If we are already dealing with infinities of peoples then we can deal just as easily with infinities of tracks. I just struggle to see what kind of power source the trolly uses to plow through that many people.
The real question for me is what unit of distance would be used for the integer representation… It could take 1 meter, 1 Km, 1 Au, or even 1 Infinity to represent the distance between every person and the next. Also, are we using a linear or logarithmic scale?
This is not to mention the lack of info on how fast the train is going, and whether or not it’s accelerating.
In these scenarios the trolly is too close to stop before running the victums over.
Although in this particular time, having the trolly stop would save an infinite number of lives compared to the casulaites, which would actually help it stop fatser as bodies do not make good railroad tracks [citation needed].
At any point in time, a finite amount of time has passed, and the trolley has killed a finite amount of people. The correct track is the one that, at any given time, will have killed fewer people. Unless the trolley speeds up to account for that and always kills n people per second, the top track will result in less deaths over any period of time.
Assuming that it takes some amount of energy to kill one person, and that the trolley doesn't have an engine with infinite power, choosing the bottom track would save lives. The trolley would have to expend an infinite amount of energy to move any distance from the starting point, so it would just get stuck there while trying to crush the unimaginable amount of people bunched up in front of it.
But getting anywhere on the lower track will kill infinitely many people. You cannot kill finitely many people on the lower track. Well, unless you derail at exactly the first. On the upper track, a stop at any point will have killed only finitely many.
One person can only be on the spot for one number. As soon as more than one gets killed, that would mean that the trolley has traversed some distance, which implies that it has killed an infinite number of people. That is impossible in any finite timespan under the aforementioned assumption. Thus the only logical conclusion is that it gets stuck after the first person is killed, at the exact spot the first number is mapped to.
I guess there could also be a different solution when you look at the problem from a different angle. Treating infinity with this little mathematical care tends to cause paradoxes.
Or will leaving it cause the higher density of bodies to slow the trolley resulting in slower killing in the lifetime of the universe... which either way is infinite deaths?

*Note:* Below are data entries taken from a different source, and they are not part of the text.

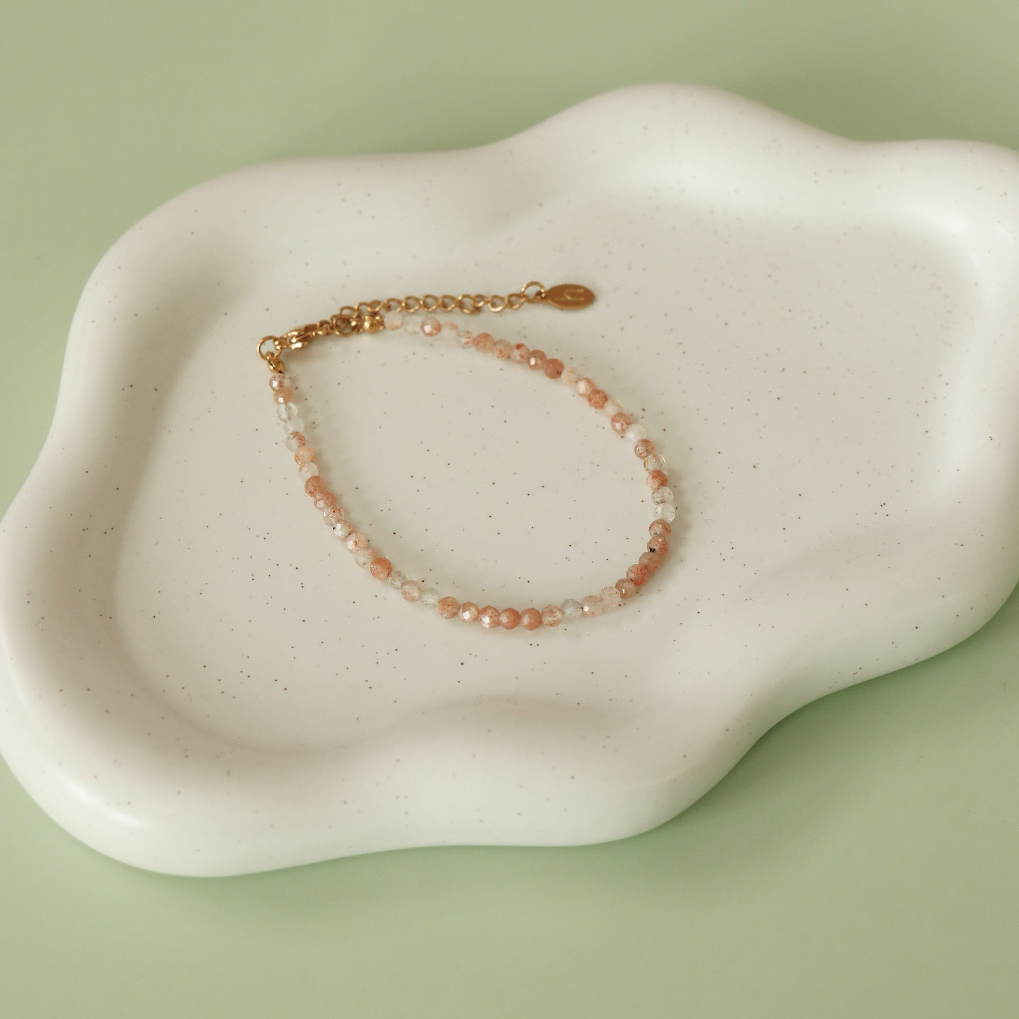 Bracelet en pierre naturelle de pierre de soleil de couleur rose pâle. Ajoutez de la couleur à votre poignet. Disponible en deux grandeurs.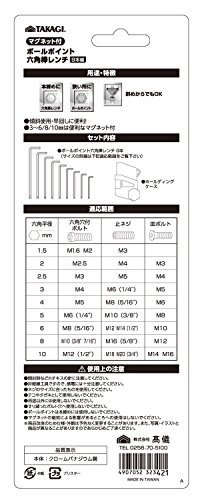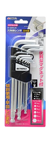 「高儀 六角棒レンチセット マグネット付 9本組」▼4907052323421▼(商品説明)マグネット付・グレー 4907052323421・・Style:マグネット付・製造国:台湾・本体:クロームバナジウム鋼・セット内容:ボールポイント六角棒レンチ9本、ホールディングケース×1・対応サイズ:1.5・2・2.5・3・4・5・6・8・10mm・便利なマグネット付(3・4・5・6・8・10mm)傾斜使用・早回しに便利 便利なマグネット付(3/4/5/6/8/10mm) 六角棒レンチで本締めに ボールポイントで狭い所に 斜めからでもOK
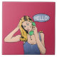 A pop art illustration of a woman trying to talk on a broken old retro telephone. The dial phone has a cut chord and does not work. A funny retro, comic book style illustration.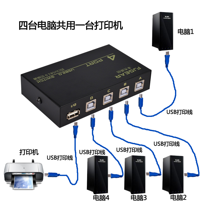 Four computers share 1 printer U - plate keyboard converter wire for 4 - ports USB sharer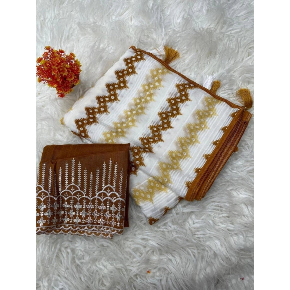 Generic Women's Chiffon Printed Saree With Unstitched Blouse 5.5Mtr (Brown)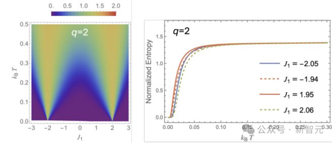 图 2 左:在J_1−T平面上,归一化熵 2S (J_1,T)/ln (q)的密度图。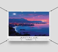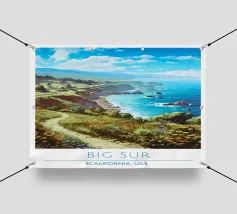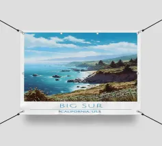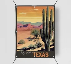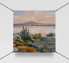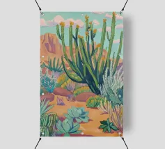 Un'illustrazione paesaggistica vivida e suggestiva di un deserto pieno di cactus che si affaccia su una drammatica vista costiera al tramonto. Le scogliere dorate e le piante di agave dai toni violacei contrastano splendidamente con l'oceano turchese e il cielo luminoso. Quest'opera d'arte cattura la bellezza selvaggia dei paesaggi aridi che incontrano il mare, perfetta per gli amanti della Baja California, dell'Arizona o delle vibrazioni del deserto mediterraneo. Una stampa murale di grande effetto per interni boho, per gli amanti della natura o per l'arredamento di una casa al mare.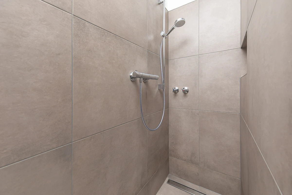 In dem komplett sanierten Badezimmer erwarten Sie eine Dusche, ein Handtuchwärmer sowie ein WC.

Move to the end of the track and undo the constraints of people on the track. You will have infinite time until the trolly reaches the end, and can thusly save infinite lives by doing so.
Sadly, it takes an infinite amount of time to reach the end of the track. Thankfully, you have infinity time, though it's still inconvenient. An infinite number of people people will die (instead of an infinite number of people), but you'll save an infinite number of people in the end. After an infinite amount of time that will be infinitely better!
Actually, that's assuming that the track is a straight line. The distance from the beginning to the end of the track could be just a few feet, and the distance along the rail and thusly the number of people infinite.
I expect it would be more able to cleanly cut through the bodies or throw them out of the way with more momentum. If it's going slow it's more likely to ride up on top of a body. Anecdotally, I've heard that derailers tend not to work on fast moving trains.
"Eventually" on the densely packed track - even if almost instant - means uncountably many deaths. On the upper track, any eventual stop will result in only finitely many deaths.
Do nothing, since an infinite number of people implies an inconceivable population overgrowth, so the best possible good for humanity is to cull the population.
Heck, you could probably go out and genocide the rest of the population that isn't tied to the track and still not suffer any real loss. Then, you face the last true enemy: the bloodsoaked beast responsible for the deaths of untold billions- yourself.
Once you've slain that last creature, all of humanity that still remains will be those tied to the railroad track. The only living people will spend their entire lives knowing nothing but the track and the trolley, and the imposing fear that one day, they, too, shall be crushed under its wheels like those before them.
The only life remaining for the human race is now one of terror and eventual slaughter. There are no good outcomes to this conundrum. There are only the uncaring wheels of the trolley.
Just the existence of infinite people implies an infinite space to contain them, and an infinite ecosystem to have produced them. Concerns related to overtaxing a finite ecosystem don't apply.
The top track can be assumed to be of infinite length, but for the bottom track this is not enough - to fit ℵ people on it, they'll have to be infinitely compressed. And since they are compressed - they are already dead. I'm not pulling the lever - preventing the (farther) desecration of corpses does not merit killing people who are still alive.
As a mathematician, this strikes me as an entirely reasonable interpretation, except for the fact that the compressed bodies would form a black hole, killing everyone regardless.
So you're correct to say that you wouldn't pull the lever, but your reasoning still missed an important detail.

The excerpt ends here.